This won't change my York visits, they'll just be a bit shorter. I view York as more of a social event than anything else, and I see and get to chat with a lot more people at York than I ever do at shows like Allentown. That being said, I'll still be making both of the Allentown shows.


----------



## superwarp1 (Dec 13, 2016)

gunrunnerjohn said:


> This won't change my York visits, they'll just be a bit shorter. I view York as more of a social event than anything else, and I see and get to chat with a lot more people at York than I ever do at shows like Allentown. That being said, I'll still be making both of the Allentown shows.


Now like GRJ was asking about the Amherst show if it's worth it, How big is the Allentown show? Worth a four hour drive?


----------



## gunrunnerjohn (Nov 10, 2010)

Gary, that's a very subjective question. I only have to drive around 45 minutes, so it's an easy decision for me. One thing I like about it is there is a lot more O-scale than many mixed shows, so it's worthwhile. I went down to Timonium MD fair a couple of times, but there was very little O-scale, so I haven't done it recently.


----------



## teledoc (Oct 22, 2014)

I only had the opportunity to make it to York last October, as my first time. I have roughly a 2 hour drive, so it isn't hard for me to make it. I arrived on Wednesday, only to meet Bruce Greenberg, to give him updated info, for his next book, that will cover "0" gauge trains, from the 1929-1942 period. I stayed from Wednesday, until Saturday morning, and had the chance to meet a few vendors, and other friends from the forum, that completed my stay. I think that if the meet is cut down to 2 days, it will have the biggest impact, on those that a long distance to travel.
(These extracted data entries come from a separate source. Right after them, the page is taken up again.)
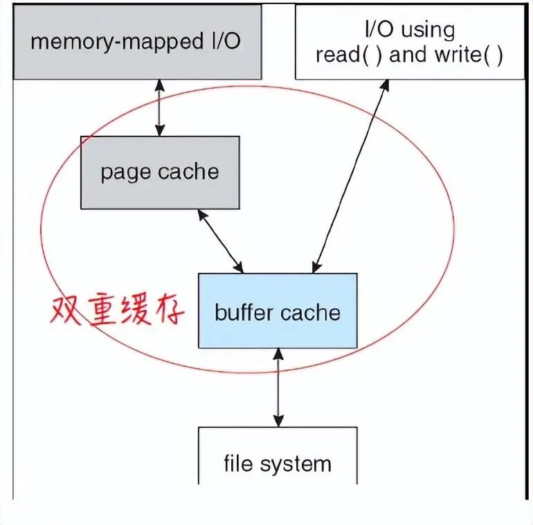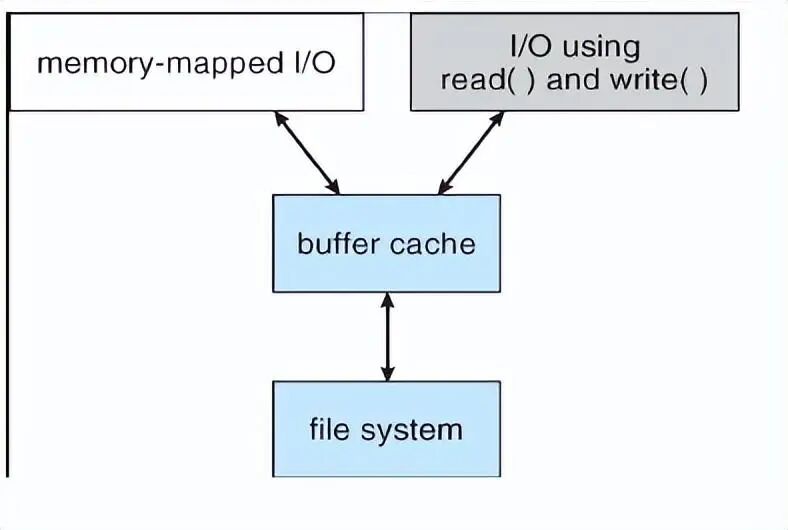 系统调用read()和write()会通过缓冲区缓存,然而,内存映射调用需要使用两个缓存,即页面缓存和缓冲区缓存。内存映射先从文件系统中读入磁盘块,并放入缓冲区缓存,由于虚拟内存系统没有缓冲区缓存接口,缓冲缓存内的文件必须复制到页面缓存中。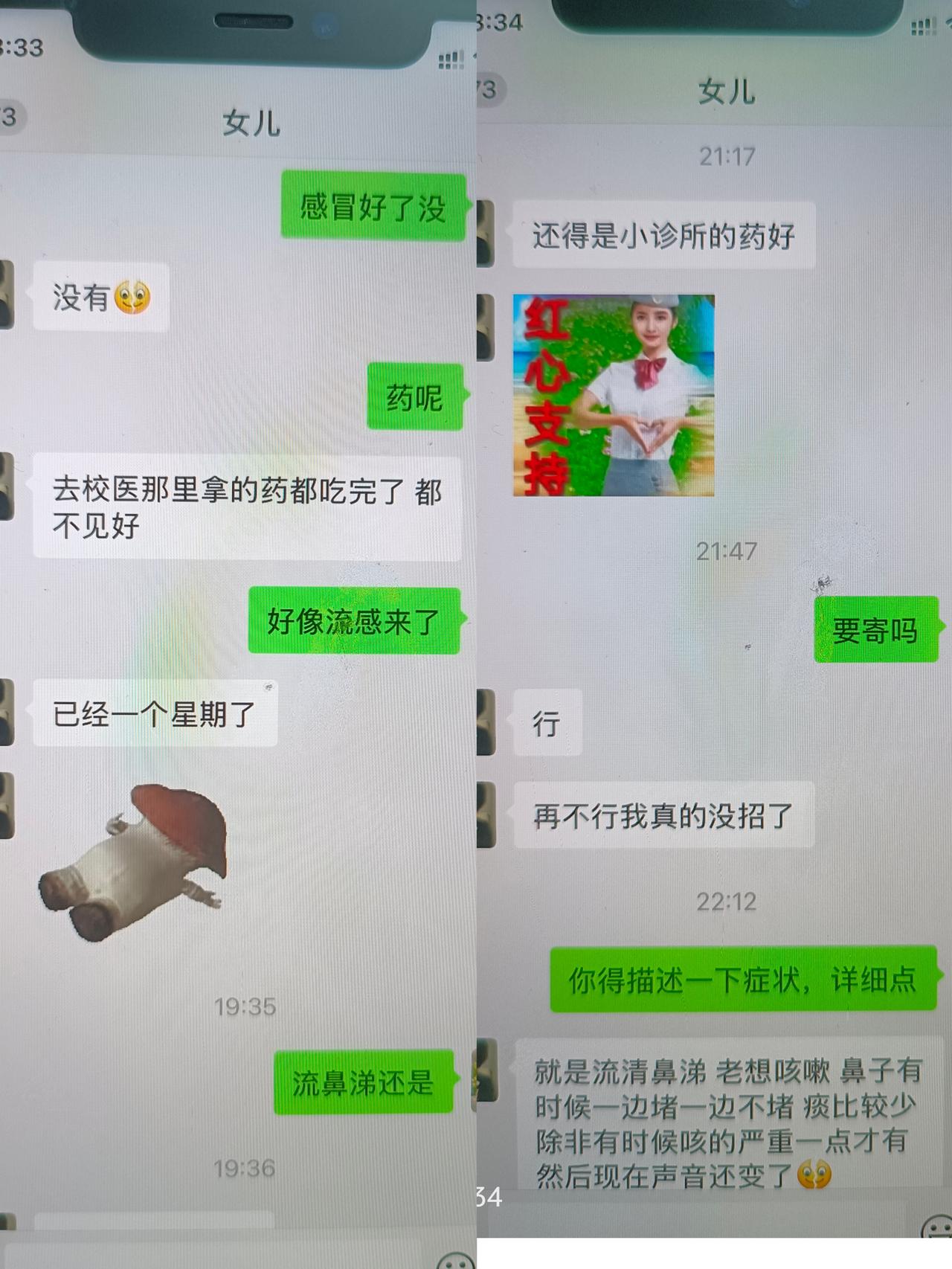 谁懂啊!女儿感冒一周多没好,200公里外寄药才是亲妈最后的倔强! 上周六在学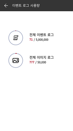 2. 대시보드에서 을 누르세요. 장치의 이벤트 로그 및 이미지 로그 사용량을 확인할 수 있습니다.

It should be interesting to see what impact it will have, in the future. I don't have any reference to what the older 2 day meets were like. Maybe it is the best decision, for the EDTCA, as the expenses have to be astronomical, for the 3 day events. Will they be able to survive, only time will tell.


----------



## Rocky Mountaineer (Sep 19, 2015)

superwarp1 said:


> Now like GRJ was asking about the Amherst show if it's worth it, How big is the Allentown show? Worth a four hour drive?


Tough call, Gary. I often see folks from north Jersey and Staten Island stopping in at the Allentown shows, but that's about a 90-minute to 2-hour drive at the most. 4 hours might be a bit much for Allentown in relatively close proximity to York -- especially the November Allentown show which is less than a month after York.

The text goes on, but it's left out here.